Every year the living wall is predicted to (approximately):
• Extract 110.5kg of carbon
• Produce 144.5kg of oxygen
• Extract 230kg of gas

The fledgling urban wildlife haven is also fitted with smart technology, has its own climate sensors and irrigation system and will absorb up to 15 decibels of sound at any one time.

The living wall also complements the redevelopment of The Strand, which is undergoing a major redesign to improve traffic flow, road safety and air quality. New trees and planting on The Strand are also helping to reduce the likelihood of future surface water flooding.

The living wall project is a partnership between Liverpool City Council, The Mersey Forest and The University of Liverpool. Funding has come from the EU Horizon 2020 project Urban GreenUP, which seeks to tackle environmental issues through innovative natural solutions, and from the Green Recovery Challenge Fund through the ‘More from Trees’ project managed by the Mersey Forest team.

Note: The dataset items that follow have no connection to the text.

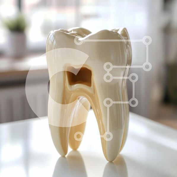 Υπάρχει δυνατότητα προσωποποίησης με δική σας φωτογραφία και προσαρμογής διαστάσεων κατόπιν παραγγελίας. Το συγεκεριμενο puzzle παρουσιαζει Η εικόνα παρουσιάζει ένα μεγάλο, γυαλιστερό κεραμικό μοντέλο ανθρώπινου δοντιού, που δείχνει περίπλοκες λεπτομέρειες όπως οι ρίζες και η κοιλότητα. Το δόντι τοποθετείται σε λευκή επιφάνεια με απαλό φόντο, πιθανότατα σε περιβάλλον οδοντιατρείου ή κλινικής. Το φως αντανακλάται α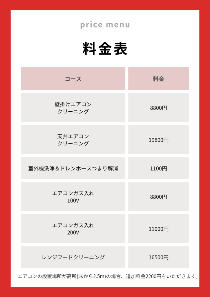 〇壁掛けエアコンクリーニング1台 8800円。 〇天井エアコンクリーニング1台 19800円。 〇室外機洗浄&ドレンホース点検 1100円。 〇キッチンレンジフードクリーニン1台 16500円。 |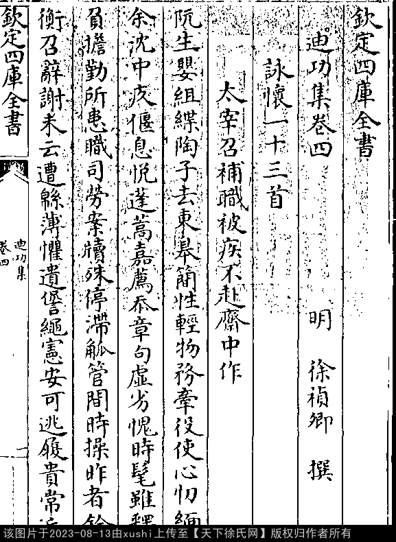 文化 太宰召补职被疾不赴斋中作 明 · 徐祯卿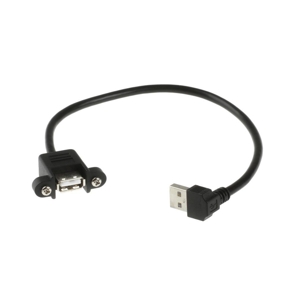 Câble USB à visser / rallonge de montage, 30cm, prise USB A femelle (2 vis) vers prise USB A mâle A coudée 90° VERS LE BAS, Hi-Speed USB 2.0 (haute qualité 28AWG1P / 24AWG2C), noir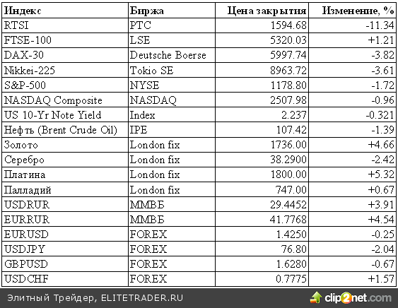 Предвидя худшее, денежные власти Семёрки учинили экстренное совещание по телеконференции – и постановили "принять все необходимые меры для поддержания финансовой стабильности и экономического роста", включая закачку ликвидности на рынки и валютные интервенции. Были мобилизованы и политики по всему миру: европейцы дружно признались в любви к США (особенно усердствовал французский министр финансов Баруан); заместитель Кудрина Сторчак уверил в неизменности российской политики вложений в штатовские казначейки (но по факту с прошлого октября наш портфель облигаций США похудел уже на треть); поддержку Америке выразили японцы с корейцами – и лишь китайцы отреагировали на всё в духе "а мы предупреждали!" Впрочем, это слова, а дела на рынке – штатовское Казначейство разместило длинных бондов на 72 млрд. долларов: спрос был огромен, резко опустив доходности, так что ставка по 10-летним бумагам показала рекордный минимум для первичного рынка (2.14% годовых, ровно в полтора раза ниже предыдущего размещения) – а объём заявок на покупку перекрыл предложение более чем втрое по 2- и 10-летним бумагам; 30-летние, напротив, вызвали малый энтузиазм. Во вторник прошло заседание ФРС США, которое заменило в меморандуме расплывчатый "длительный период" удержания низких ставок на ясный срок "минимум до середины 2013 года" – вызвав всплеск недовольства оппозиции в Фед: сразу три члена правления (Фишер, Плоссер и Кочерлакота) голосовали против этого решения – такое произошло впервые с ноября 1992 года; чтоб смягчить негативный эффект раскола, диссиденты через день публично выразили респект коллегам по ФРС. Центробанки Норвегии и Южной Кореи оставили ставки на месте – и хотя будущие повышения вероятны, пока на рынках паника, ужесточать политику страшновато.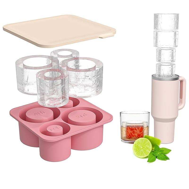 Ice Tray Is Suitable for 20 Ounce Flat bottomed Cups, 4pcs of Silica Gel Hollow Cylindrical Ice Molds, Suitable for Cold Drinks, Coffee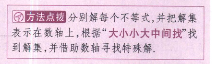 分别解每个不等式,并把解集表示在数轴上,根据“大小小大中间找”找到解集,并借助数轴寻找特殊解.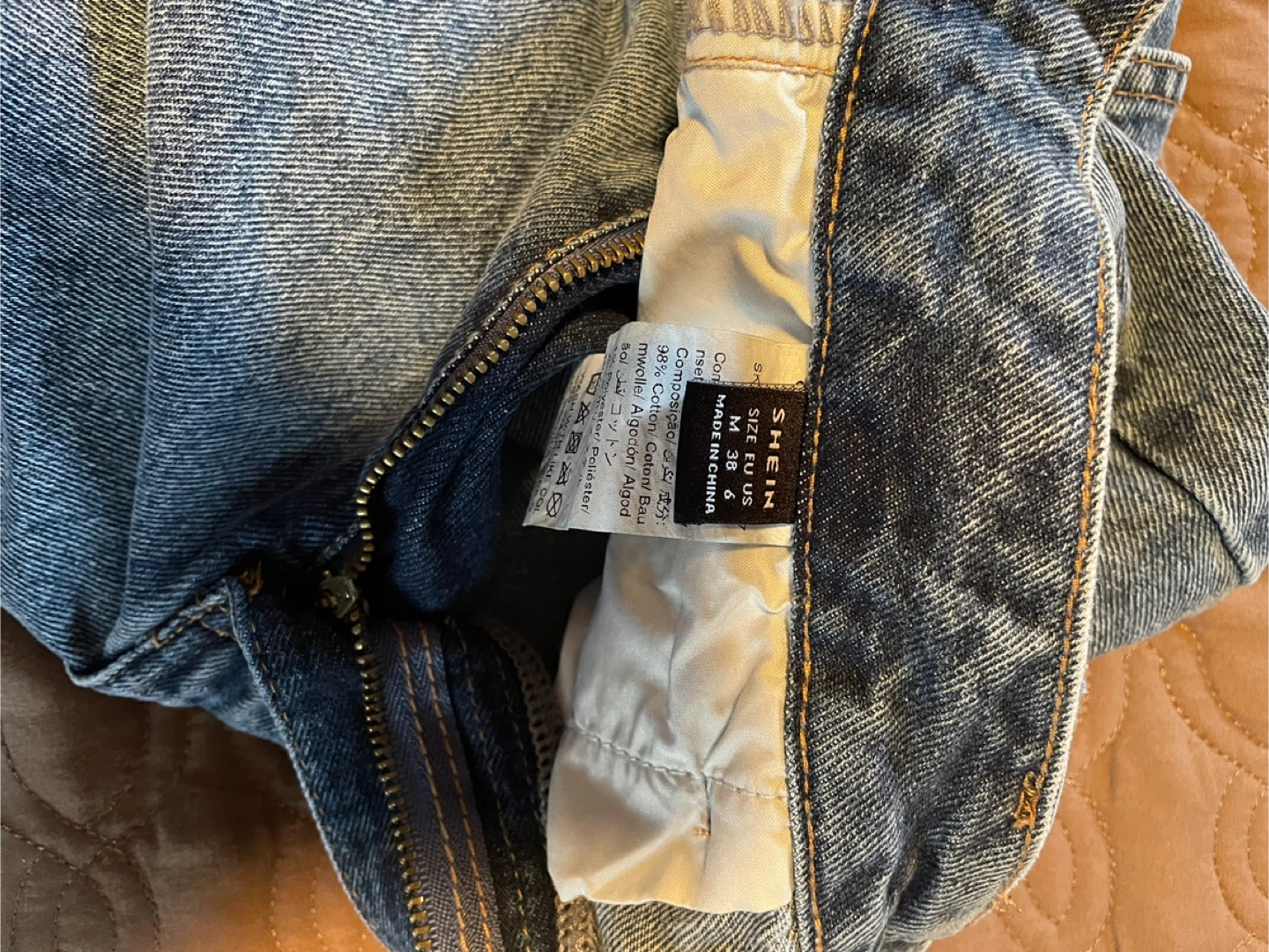 SHEIN light wash denim midi skirt with a zipper closure. This skirt is a size US 6, EU 36, and made in China. It's a classic style that's easy to wear.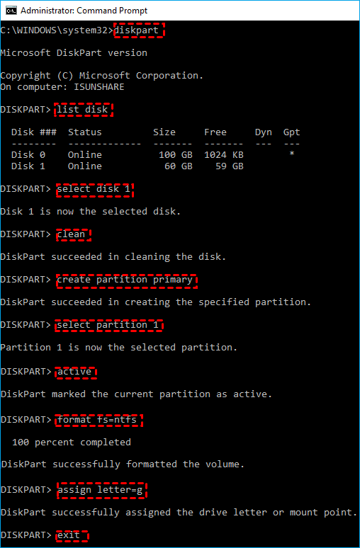 Schritt 2. Geben Sie im Fenster der Eingabeaufforderung die folgenden Befehle nacheinander ein und drücken Sie die Eingabetaste, um sie auszuführen.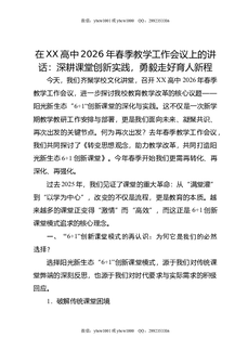 在XX高中2026年春季教学工作会议上的讲话:深耕课堂创新实践,勇毅走好育人新程.docx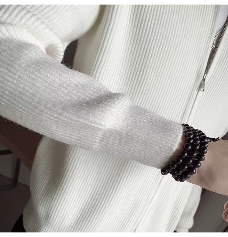 UAZC japonés cuello alto estilo minimal suave ceroso color sólido con cremallera suéter casual retro hombres y mujeres cárdigan suéter grueso exterior
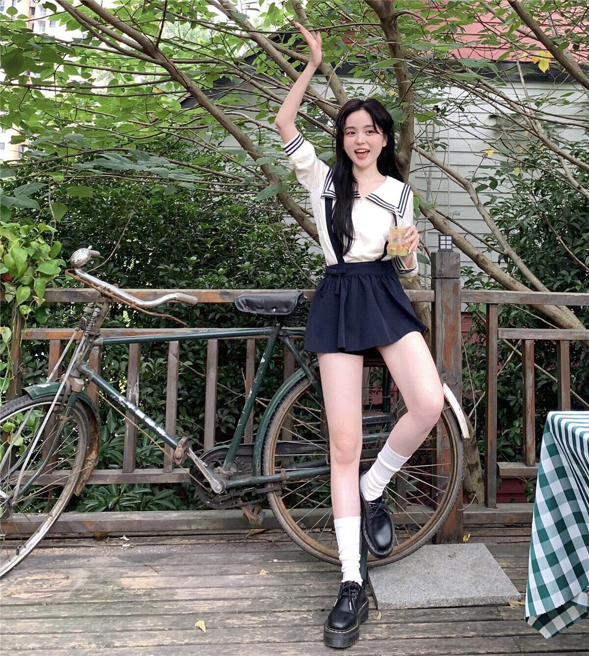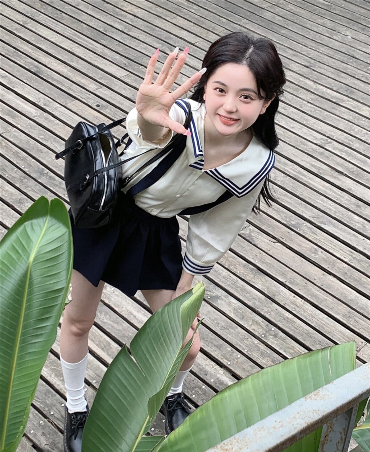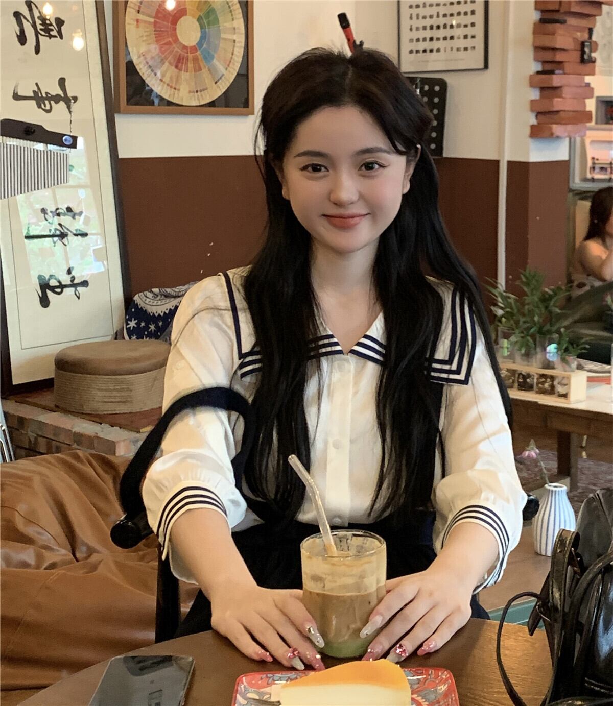 ネイビーカラーシャツ サマースリーブショートトップス 夏物 ピュア s576147113207537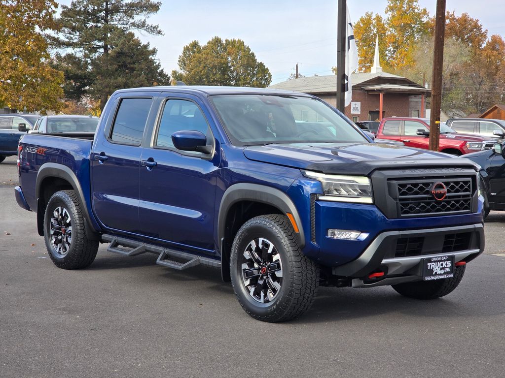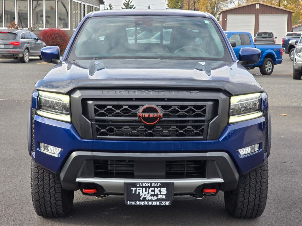 Recent Arrival! Clean CARFAX. Deep Blue Pearl 2022 Nissan Frontier PRO-4X 3.8L DI DOHC 24V V6 9-Speed Automatic 4WD 4D Crew Cab 4WD, 17" Alloy Wheels, 3.692 Axle Ratio, 4-Wheel Disc Brakes, 6 Speakers, ABS brakes, Air Conditioning, Alloy wheels, AM/FM radio: SiriusXM, Anti-whiplash front head restraints, Auto High-beam Headlights, Automatic temperature control, Brake assist, Bumpers: body-color, Delay-off headlights, Driver door bin, Driver vanity mirror, Dual front impact airbags, Dual front side impact airbags, Electronic Stability Control, Emergency communication system: NissanConnect Services, Front anti-roll bar, Front Bucket Seats, Front Center Armrest, Front dual zone A/C, Front fog lights, Front reading lights, Front wheel independent suspension, Fully automatic headlights, Illuminated entry, Knee airbag, Leather Shift Knob, Low tire pressure warning, Navigation system: Nissan Navigation with Voice Recognition, Occupant sensing airbag, Off-Road Protection Package, Off-Road Style Step Rails, Overhead airbag, Overhead console, Panic alarm, Passenger door bin, Passenger vanity mirror, Power door mirrors, Power driver seat, Power steering, Power windows, PRO Embroidered Premium Cloth Seat Trim, PRO-4X Mud Flaps, Radio data system, Radio: SXM/AM/FM/AUX/USB Audio System w/6 Speakers, Rear anti-roll bar, Rear seat center armrest, Rear step bumper, Remote Engine Start, Remote keyless entry, Security system, Speed control, Speed-sensing steering, Split folding rear seat, Steering wheel mounted audio controls, Tachometer, Tilt steering wheel, Traction control, Trip computer, Variably intermittent wipers, Voltmeter, 4WD.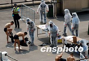 警方?jīng)_鋒隊(duì)為受到毒氣襲擊的傷者現(xiàn)場(chǎng)消毒清洗。中新社記者:洪少葵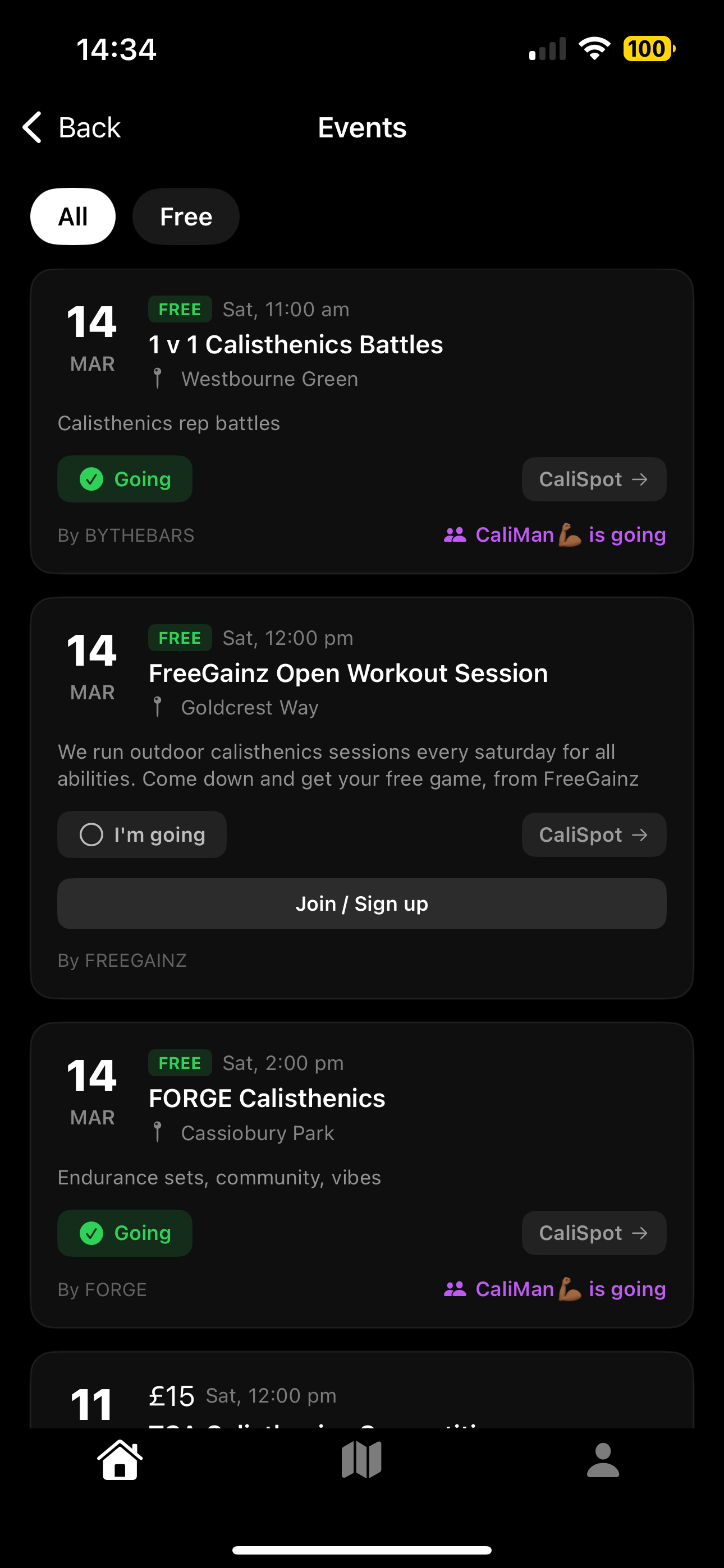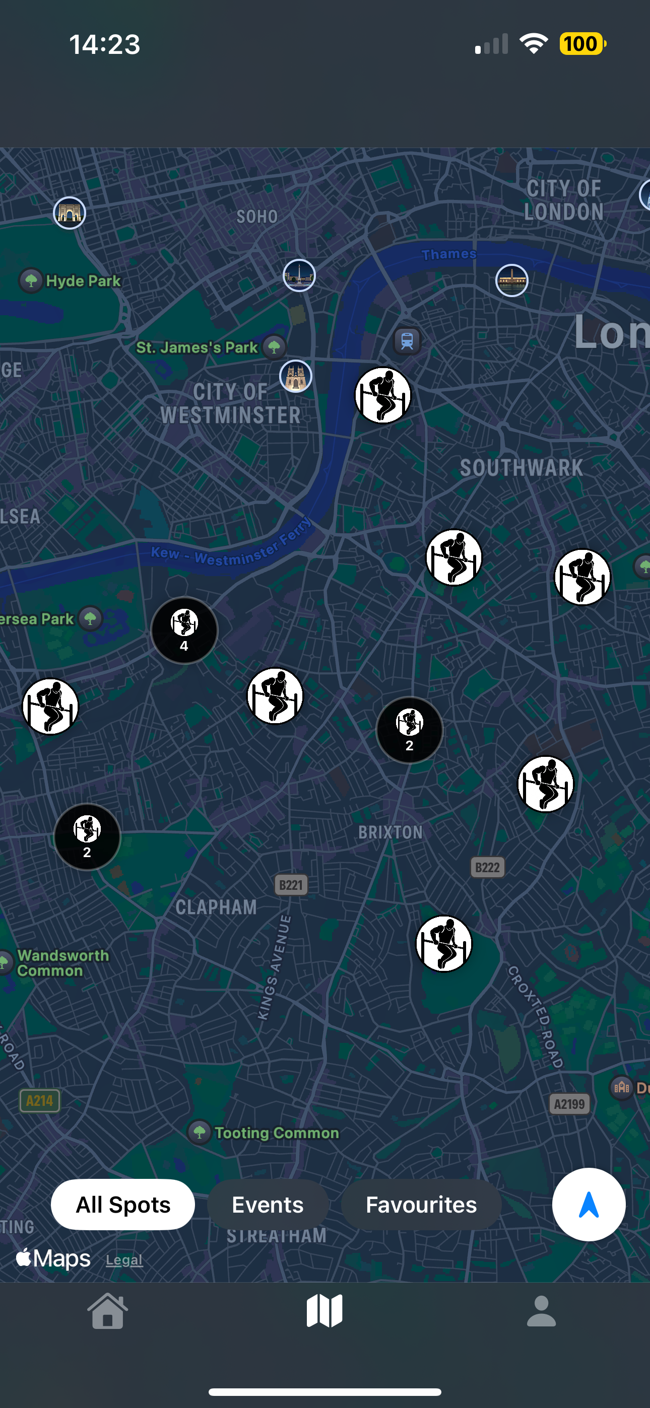 Every outdoor calisthenics park in London, mapped and rated. Real photos. Live check-ins. Zero ads.

Over the next two years, a team from Mersey Forest will monitor the environmental, ecological and wellbeing performance and impact of the wall and its development as a mini ecosystem.

The Liverpool ONE living green wall, which is populated with evergreen plant species such as Euonymus gaiety, Carex pendula and Carex testacea, is the third such feature to spring up in the city, with one at Parr Street Car Park and the other at St Johns Shopping Centre, which at 60m is believed to be one of the longest of its kind in the UK.

Other eco-friendly installations funded through the £3.5m URBAN GreenUP programme include spectacular planted floating islands at Sefton Park and Wapping Dock. More than 140 trees have also been planted across the city centre on key roads, such as The Strand and Lime Street.

The URBAN GreenUP programme forms part of a wider Liverpool city council climate change response to deliver on its climate change declaration in 2019 and to rebalance the city’s carbon footprint and achieve a net zero output by 2030.

This living green wall project is also part-funded by the government’s Green Recovery Challenge Fund, which forms part of the nation’s wider green economic recovery, jobs and skills package to restore nature and tackle climate change.